Several CAGI challenges have assessed the ability of computational methods to identify single base changes that affect the expression level of specific genes. The CAGI4 eQTL challenge assessed whether methods could find causative variants in a set of eQTL loci, using a massively parallel reporter assay [59]. Because of linkage disequilibrium and sparse sampling, variants associated with an expression difference in an eQTL screen are usually not those directly causing the observed expression change. Rather, a nearby variant will be. The challenge had two parts. Participants were asked to predict whether insertion of the section of genomic DNA around each variant position into the experimental construct produced any expression. Additional file 1: Figure S12A shows that the top-performing methods were effective at this—the largest AUC is 0.81. The second part of the challenge required participants to predict which variants affect expression levels. Here the results are much less impressive (Additional file 1: Figure S12B). The scatter plot shows a weak relationship between observed and predicted expression change and Pearson’s or Kendall’s correlation are also small. The best AUC is only 0.66 and the maximum \({{\text{lr}}}^{+}\) is about 5. Most of the experimental expression changes are small (less than twofold) and may be largely experimental noise, partly accounting for the apparent poor performance. But as the scatter plot shows, a subset of the variants with largest effects could not be identified by the top-performing method. A combination of experimental and computational factors contributed to poor performance, and more challenges of this sort are needed.

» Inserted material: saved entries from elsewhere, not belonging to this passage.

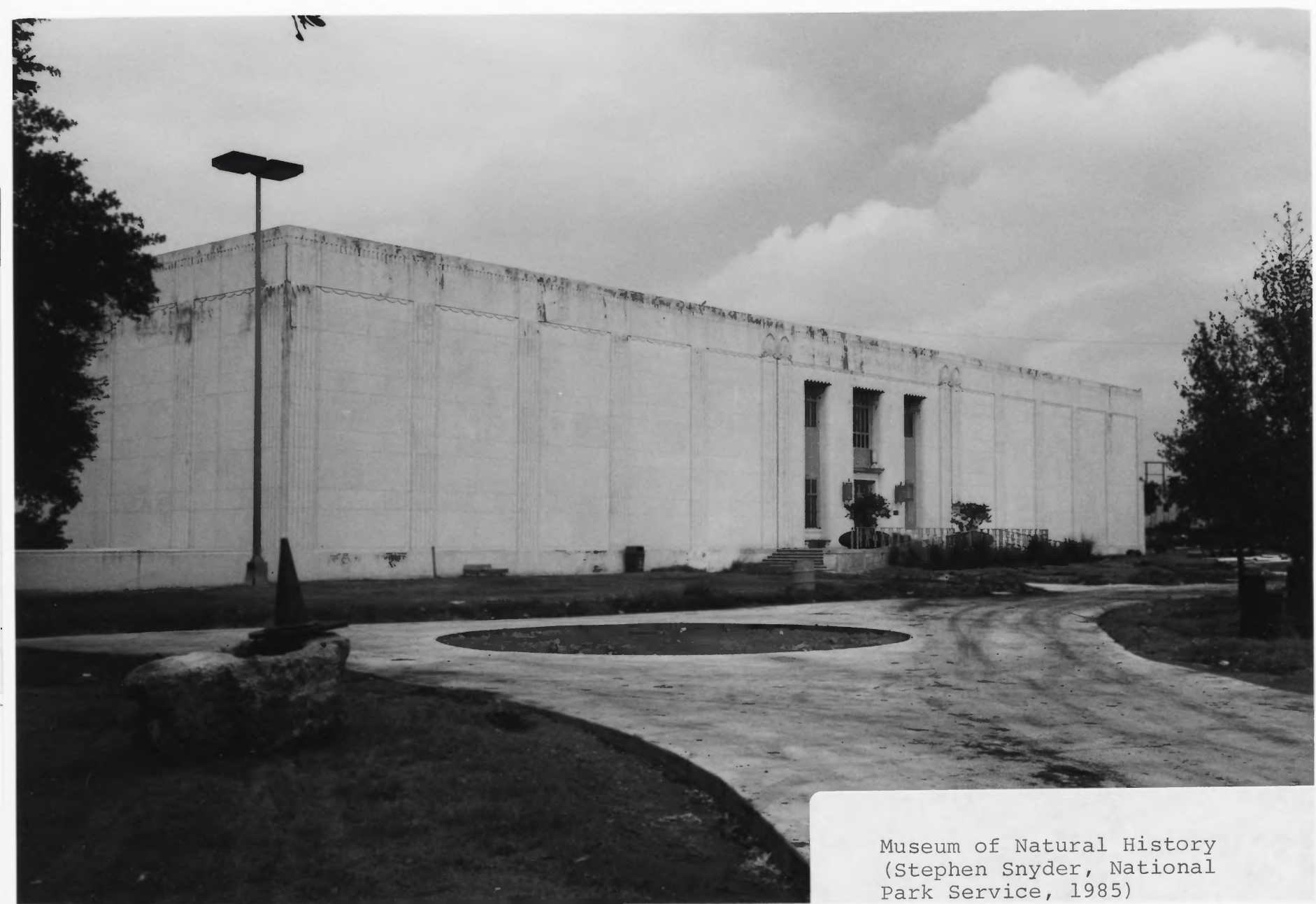
Museum of Natural History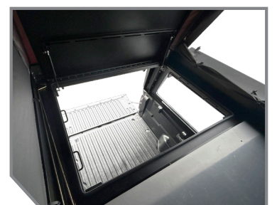
RETRACTABLE SLEEPING AREA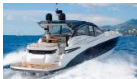
GLADIATOR Galeon 445 HTS 14.98 m 2017 Location: Hyères, France EUR 490 000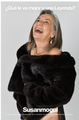
What becomes a Legend most? (Spanish) 2022 Archival Digital Print 60" x 40"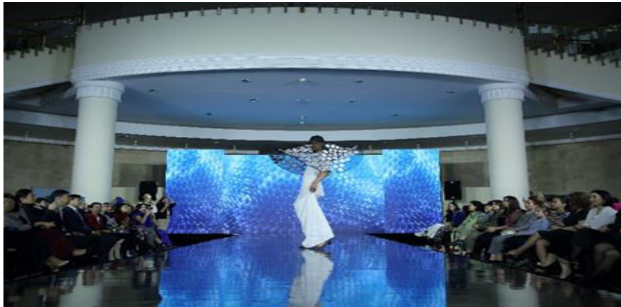
“Blac Whit Cosmic”

That this, in turn, gave students endless energy and enthusiasm. At the heart of everything that is done is the work of our students and teachers. [2] In addition, on April 24, 2021, with another initiative of this direction of the university, the first exhibition of freshmen and sophomores "AVALORE" (Flight) was opened. The exhibition lasted from April 24 to May 6 and featured more than fifty works by 30 authors in various styles. The works are paintings and graphics, sculptures, as well as collages and applications. The theme of the exhibition reflected the wide range of approaches of the participants.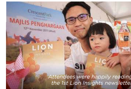
Attendees were happily reading the 1st Lion Insights newsletter

Besides the contest, there were many more Hari Raya inspired activities that went on throughout the day. A buffet spread filled with Malaysian delicacies kept the crowd happy while parents and children alike got to try their hand at batik painting and were able to keep their artistic creations as souvenirs.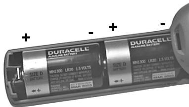
Figure 1. Properly installed alkaline batteries

DURACELL® is a registered trademark of Duracell, Inc., Bethel, Connecticut.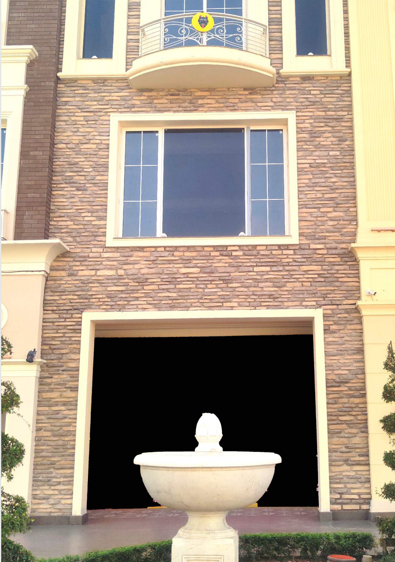
COUNTRY LEDGE-COASTAL CREAM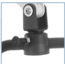
Hanger bar lock in version Standard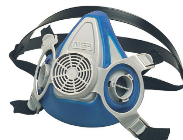
Advantage 200 LS half mask

The Advantage 200 LS is a comfortable, efficient and economic half mask. It is ideal for applications where workers are exposed to various hazards from job to job, such as high concentrations of fumes, mists and gases.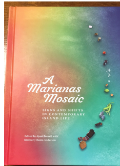
A Marianas Mosaic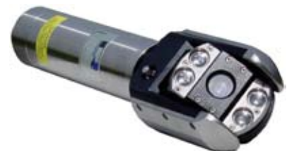
Operates with CUES OZIII & Nite Lite III Cameras

The CAGI5 regulation saturation mutagenesis challenge examined the impact on expression of every possible base pair variant within five disease-associated human enhancers and nine disease-associated promoters [60]. As shown in Fig. 5, performance is stronger in promoters than enhancers and stronger for decreases in expression compared with increases. Fewer variants show experimental increases and these tend to be less well distinguished from noise. Performance for small expression changes is hard to evaluate because of overlap with experimental noise. Nevertheless, the highest AUC for promoter impact prediction is 0.81 while the highest AUC for enhancer impact prediction is 0.79, relatively respectable values. In addition, the scatter plots show that large decreases in expression are well predicted, suggesting the methods are quite informative for the most significant effects.

Fig. 5
figure 5

Performance on the regulation saturation expression challenge. The two left columns show performance in predicting increased (left) and decreased (right) expression in a set of enhancers (purple points represent variants that significantly change expression). The right pair of columns show equivalent results for promoters. The scatter plots (A) show strong performance in identifying decreases in expression (purple points), but weaker results for expression increases. Performance on promoters is stronger than on enhancers. Overlap of changed and non-changed experimental expression points suggests that experimental uncertainty reduces the apparent performance of the computational methods. Panel B shows correlation coefficients for selected methods. Panel C shows ROC curves for predicting under and overexpression. Panel D shows local \({{\text{lr}}}^{+}\), where the solid lines are smoothed fits to the data

The CAGI splicing and expression challenges are not as directly mappable to disease and clinical relevance as in some other challenge areas. Variants have been a mixture of common and rare and the use of artificial constructs in high-throughput experiments limits relevance of challenge performance in the whole-genome context. Nevertheless, the results do have potential applications. In complex trait disease genome-wide association studies (GWAS), the variants found to be associated with a phenotype are usually not those causing the effect. Identifying the functional variants is not straightforward, and current regulatory prediction methods can provide hypotheses as to possible effects on expression or splicing.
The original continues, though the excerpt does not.